Digital Identity
This past weekend I was part of a discussion about transition and digital identities. Since I've been taking a really deep introspective dive through my digital identity in Second Life, and through this community and on various forms of Social Media. I had thoughts.
Assuming you are expressing yourself genuinely (as opposed to deliberately playing the role of a character separate from you), then however that expression presents is *valid*. Even if you're presenting in with a different name and a different face through media. The words you choose come from you. it's a part of you, and that is a legitimate facet of your own identity. Don't let anyone tell you different. Also, if you're exploring your digital identity, it remains yours. These components of yourself that you're trying on, they're intimate to you. They belong to you. It's ok for the journey you take to evolve along the way. If you discover that a part of identity that seemed so right when you first began doesn't work for you, allow it to change. This is all a process and as everyone who is further along on their journey would tell you, it can take most of a lifetime to discover who you are. Especially when you're shedding the toxic parts of yourself you hung on to because you wished to fit in with the expectations of others.

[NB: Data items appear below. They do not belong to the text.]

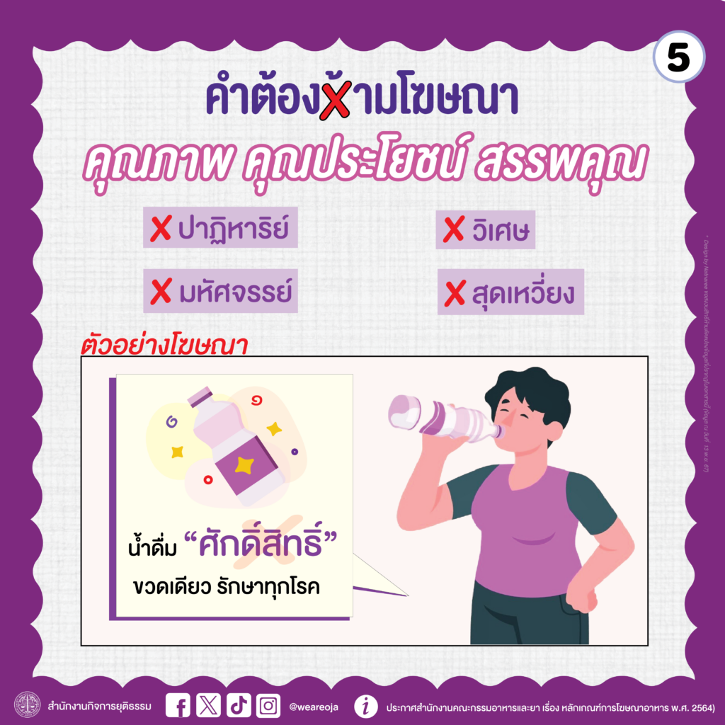 คำต้องห้ามโฆษณา คุณภาพ คุณประโยชน์ สรรพคุณ (1-5) ได้แก่ ปาฏิหาริย์ วิเศษ มหัศจรรย์ สุดเหวี่ยง ศักดิ์สิทธิ์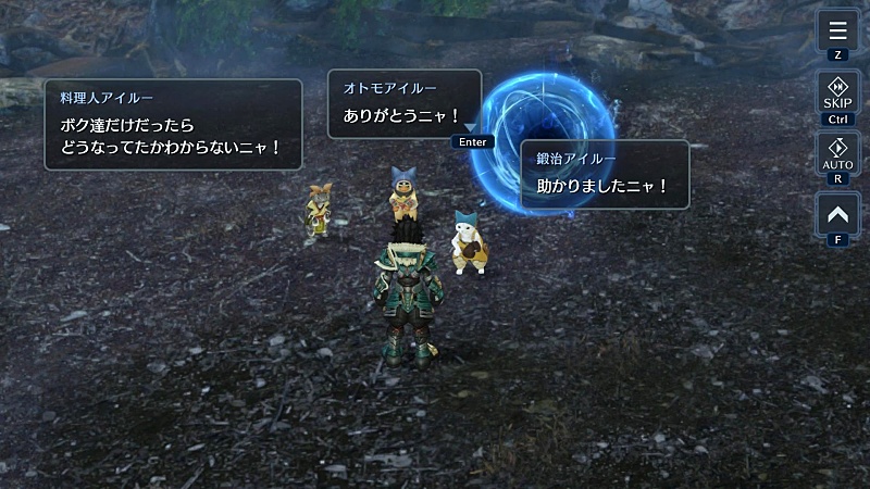 で、リオレウスを倒していたらポータルが現れて、それぞれ元いた場所へ。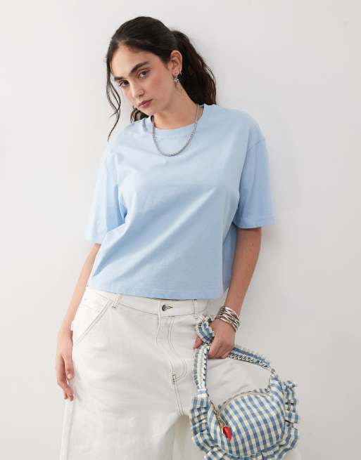 Camiseta azul de corte cuadrado y manga corta de COLLUSION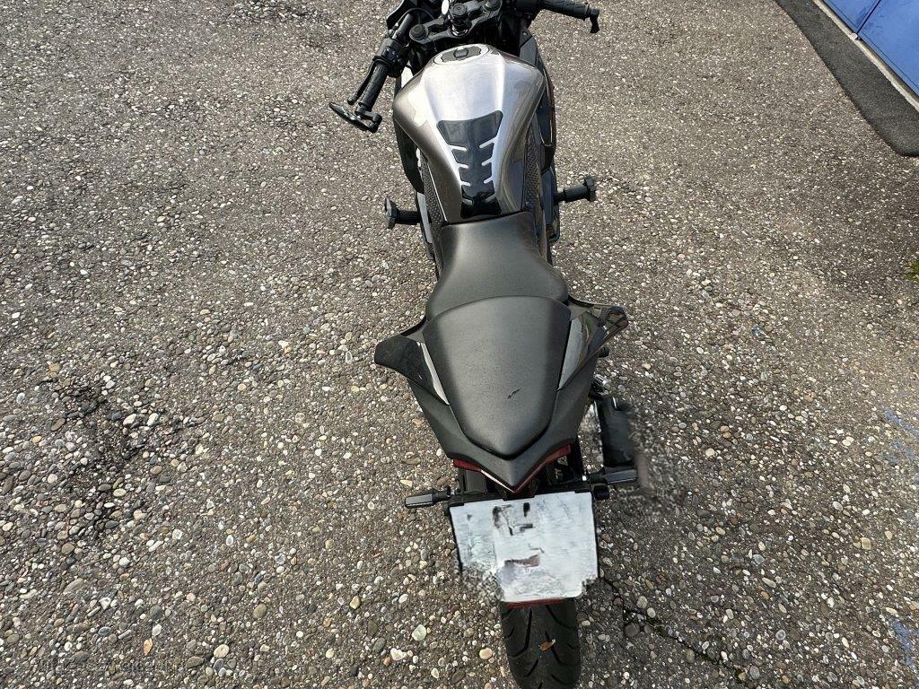| Beschädigungen | Armaturen, Aussenspiegel links, Diverse Anbauteile, Front, Fussraster links, Gabelholm, Griff links, Lenker, Rad vorne, Scheinwerfer, Schutzblech vorne, Seite links, Sitz, Tank, Verschalungen links, Verschalungen vorne, Windschutzscheibe |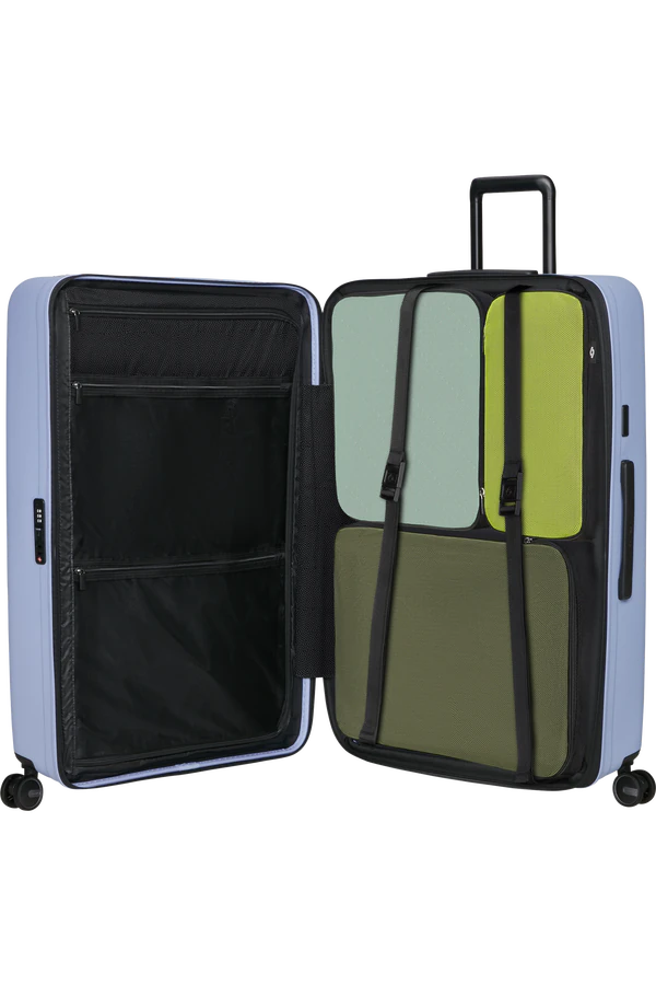 Viage com mais estilo e organização com a Mala de Viagem Extragrande 81cm Restackd da Samsonite. Desfrute de viagens mais tranquilas com as rodas com suspensão que absorvem os choques e fazem menos ruído. Manter a sua mala de viagem limpa e higienizada é agora mais simples através do forro interior removível e lavável. As bolsas de arrumação incluídas garantem mais e melhor organização do vestuário. A capacidade de expansão permite-lhe ainda estar preparada para qualquer situação e trazer umas lembranças extra. Sonhe e explore com a Restackd.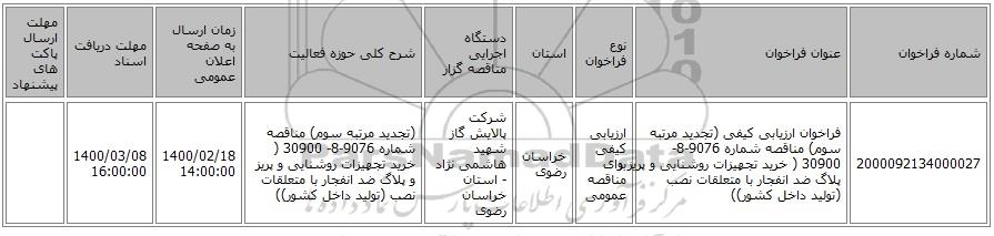 مناقصه، فراخوان ارزیابی کیفی (تجدید مرتبه سوم) مناقصه شماره 9076-8- 30900 ( خرید تجهیزات روشنایی و پریز و پلاگ ضد انفجار با متعلقات نصب (تولید داخل کشور)), فراخوان ارزیابی کیفی (تجدید مرتبه سوم) مناقصه شماره 9076-8- 30900 ( خرید تجهیزات روشنایی و پریز و پلاگ ضد انفجار با متعلقات نصب (تولید داخل کشور))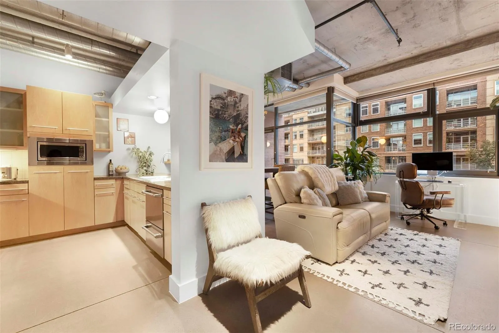 Experience contemporary loft living in one of Riverfront Park’s most desirable neighborhoods, Promenade Lofts. This 1,136 sq ft residence offers two bedrooms and two bathrooms, combining modern design with industrial character. Polished concrete floors, exposed ceilings and beams throughout, and large double-pane windows in the living room create an authentic urban feel.
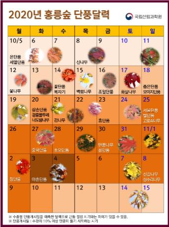 [한국4차산업신문] 산림청 국립산림과학원은 홍릉숲의 첫 단풍이 물들었음을 알리며, 서울 홍릉숲 내 다양한 나무들의 단풍 개시일을 알려주는 '2020년 홍릉숲 단풍달력'을 발표했다고 밝혔다.

Think of it this way, it's taken you this long to learn how to present yourself as the person you show to the outside world. You've learned how to speak, how to dress, what to say and how to *be* the person you are now. Sometimes that includes self-delusion, other times toxic gender traits but by the time you've come to the point where you are ready to explore the identity traits you've denied all of your life, those traits are rooted deep inside you. It will take a proportional amount of time to change them, and in that process you may believe that what you wanted at the start is what you need at the end.
Have faith in yourself. Trust yourself. Listen to the people who love you, listen to the people who support you. Disregard the people who only love what *they* want you to be.
I know this reads like I'm talking to you dear reader when, truth be told, I'm talking to me. At this point in my journey, I'm mostly exploring my gender and sexual identities through digital means. (mostly, not exclusively, I'm out to a few very dear and close friends and family and my therapist who are all here in the very non-digital world.) There is a measure of safety and comfort for me to use the digital identity tool to understand myself. I wonder if it will lead to me having the confidence to live this truth beyond the idealized image of Desiree as she presents now.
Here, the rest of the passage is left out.